+++ Supplied information +++

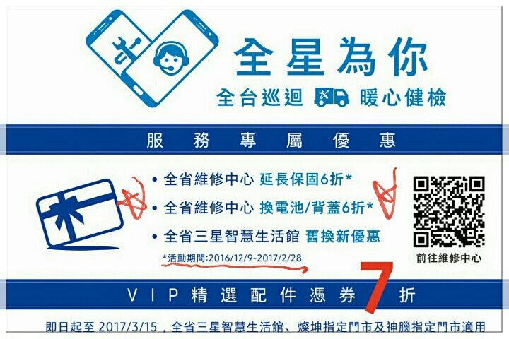 jemyeh516 wrote:Note 4 電池從...(恕刪) 這回三星的健診活動似乎是為你量身訂製...^.*換電池與背蓋竟然有6折!我想這對可替換電池的手機,例如Note4,應該是一個好消息。我七月份在樂聲戲院旁的三星維修站添購2顆電池時,沒有任何優惠。
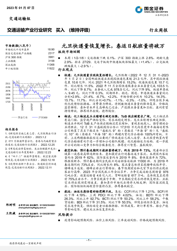 【国金证券】【20230107】元旦快递量恢复增长,春运日航班量将破万-14页
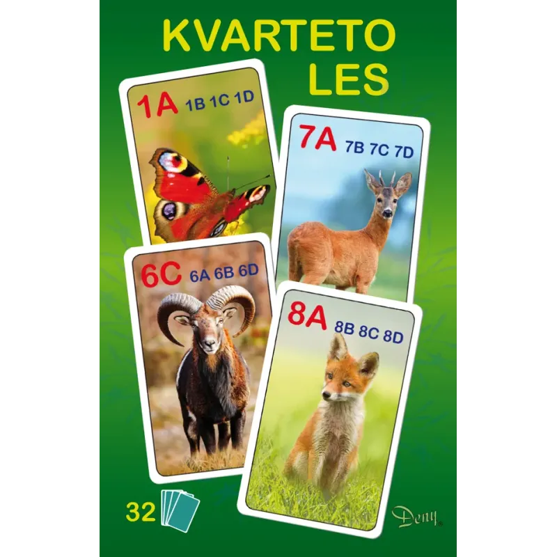 Set 32 ks hracích kariet s peknými fotografiami zvieratiek, s ktorými si môžete zahrať obľúbenú kartovú hru Kvarteto.
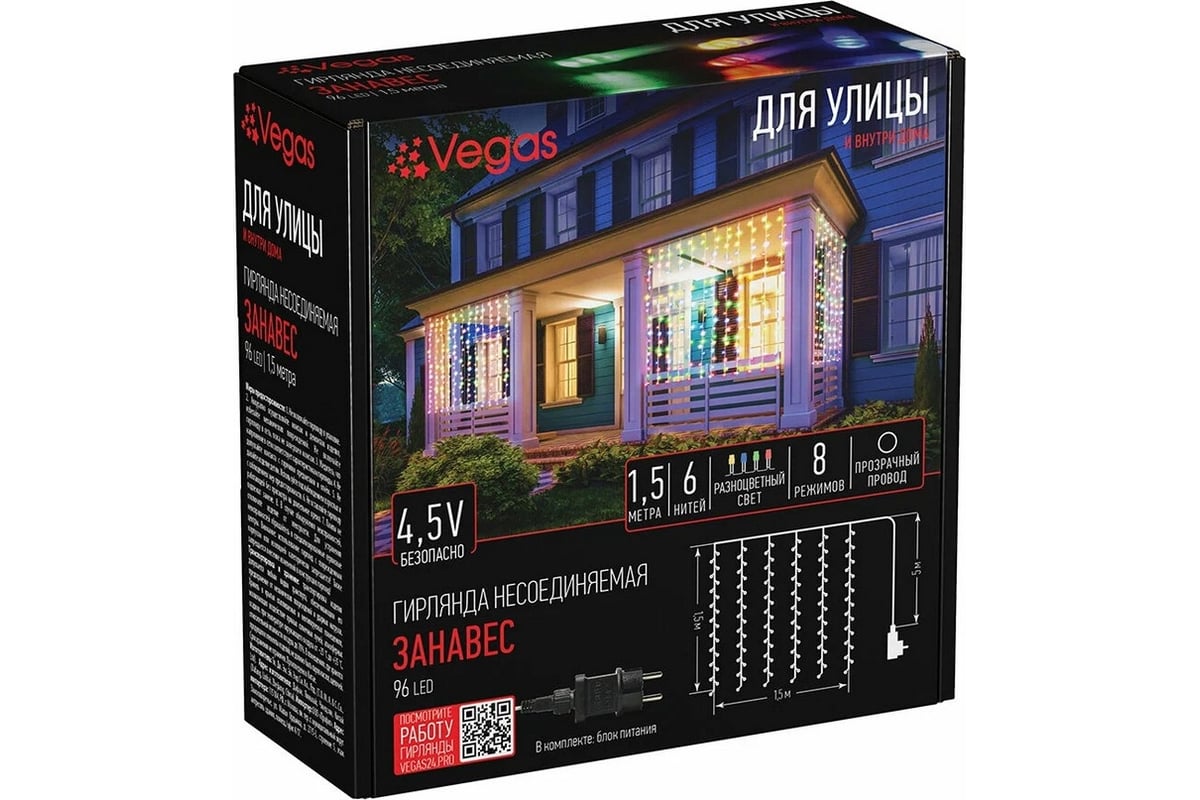 Электрогирлянда VEGAS BALANCE 4,5V "Занавес" 96 разноцветных LED ламп, прозрачный провод, 6 нитей, 1,5*1,5 м, 8 режимов, с блоком питания /32/4 56125
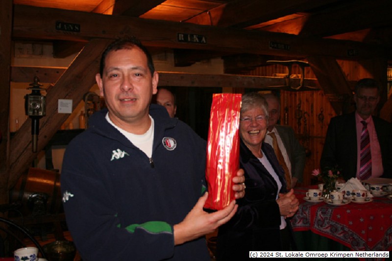 - Nieuwjaarsreceptie LOK 2006 in het Streekmuseum | Alfons Schramm krijgt een flesje...
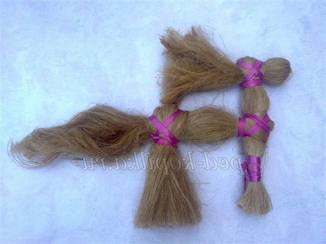 17. Ділимо льон навпіл, формуємо ноги, перев'язуємо стрічкою.
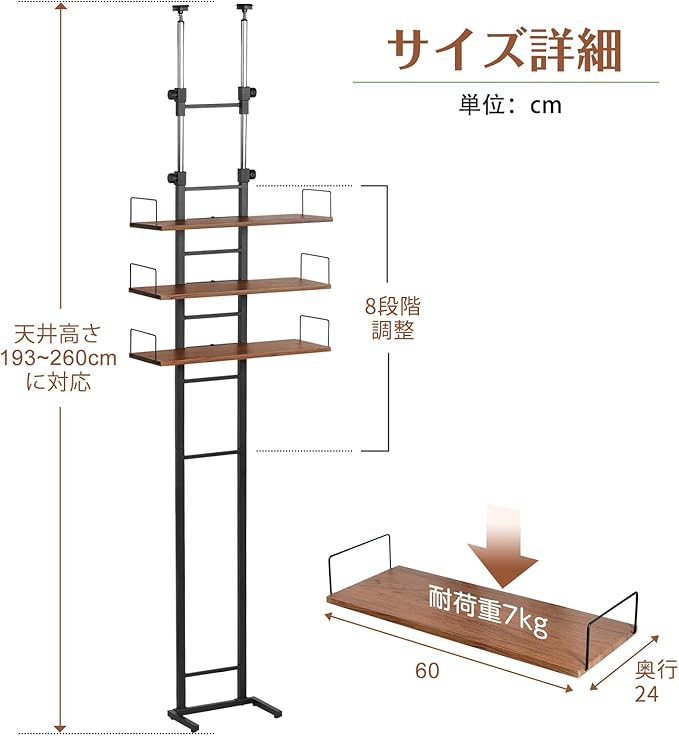 【商品仕様】本体サイズ:幅60 奥行26 高さ193~260cm(※アジャスターを含む)。 重量:約10.4kg。耐荷重:棚板1枚あたり7kg。材質/[フレーム]スチール、[棚板]メラミン化粧板。日本語組立説明書付き。
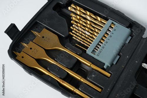 © Bogac, Fototapeta premium Stainless steel drill bits on a white isolated background
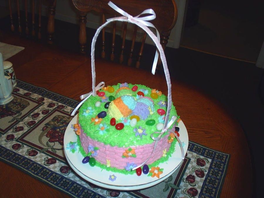 1st easter cake. The eggs are choc. marshmallow eggs covered in bc icing.
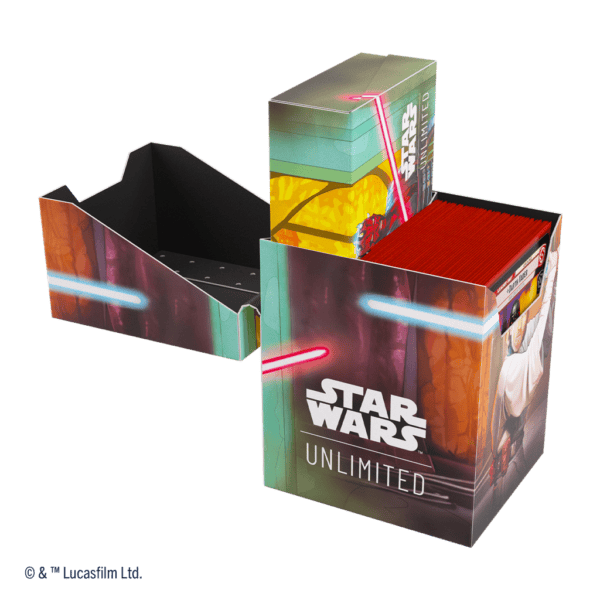 ¡Revive el legendario enfrentamiento entre maestro Jedi y el implacable Sith con la Unlimited Soft Crate – Obi-Wan Kenobi / Darth Maul de Star Wars™! Esta caja para mazos es la solución definitiva para los jugadores que buscan un accesorio elegante, seguro y temático. Con sus espectaculares ilustraciones a todo color de Obi-Wan y Darth Maul, podrás mantener tus cartas protegidas mientras demuestras tu lealtad a la Luz o al Lado Oscuro en cada partida.
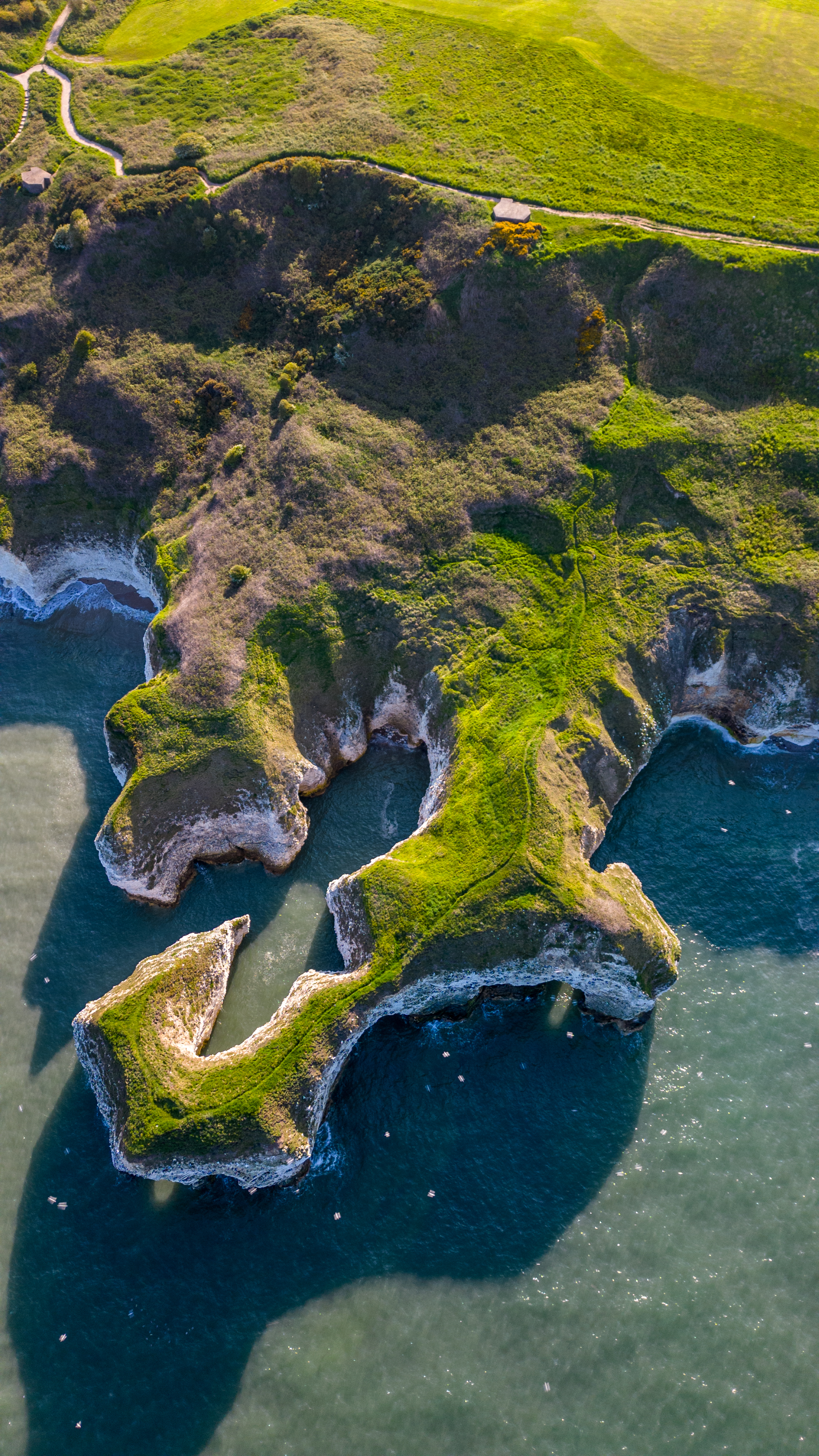 Aerial view of a rugged coastline with green cliffs and blue sea in Flamborough, England
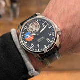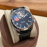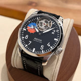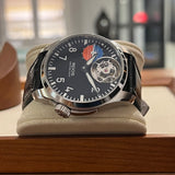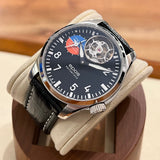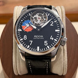 Diameter 43.5mm. Thickness 11mm. Stainless steel case. Black open-heart dial with Arabic numerals. Luminescent hands and markers. Sapphire crystal. Hand-wound mechanical movement. Transparent case back. Non original Epos black leather strap. Steel pin buckle with Epos emblem.

+++

- Exercise aim
Your task is to reproduce exactly the lines from the start of the data above through the line containing "17. Ділимо льон", leaving every picture out.

- Result
 jemyeh516 wrote:Note 4 電池從...(恕刪) 這回三星的健診活動似乎是為你量身訂製...^.*換電池與背蓋竟然有6折!我想這對可替換電池的手機,例如Note4,應該是一個好消息。我七月份在樂聲戲院旁的三星維修站添購2顆電池時,沒有任何優惠。
 【国金证券】【20230107】元旦快递量恢复增长,春运日航班量将破万-14页
 Set 32 ks hracích kariet s peknými fotografiami zvieratiek, s ktorými si môžete zahrať obľúbenú kartovú hru Kvarteto.
 Электрогирлянда VEGAS BALANCE 4,5V "Занавес" 96 разноцветных LED ламп, прозрачный провод, 6 нитей, 1,5*1,5 м, 8 режимов, с блоком питания /32/4 56125
 - Nieuwjaarsreceptie LOK 2006 in het Streekmuseum | Alfons Schramm krijgt een flesje...
 17. Ділимо льон навпіл, формуємо ноги, перев'язуємо стрічкою.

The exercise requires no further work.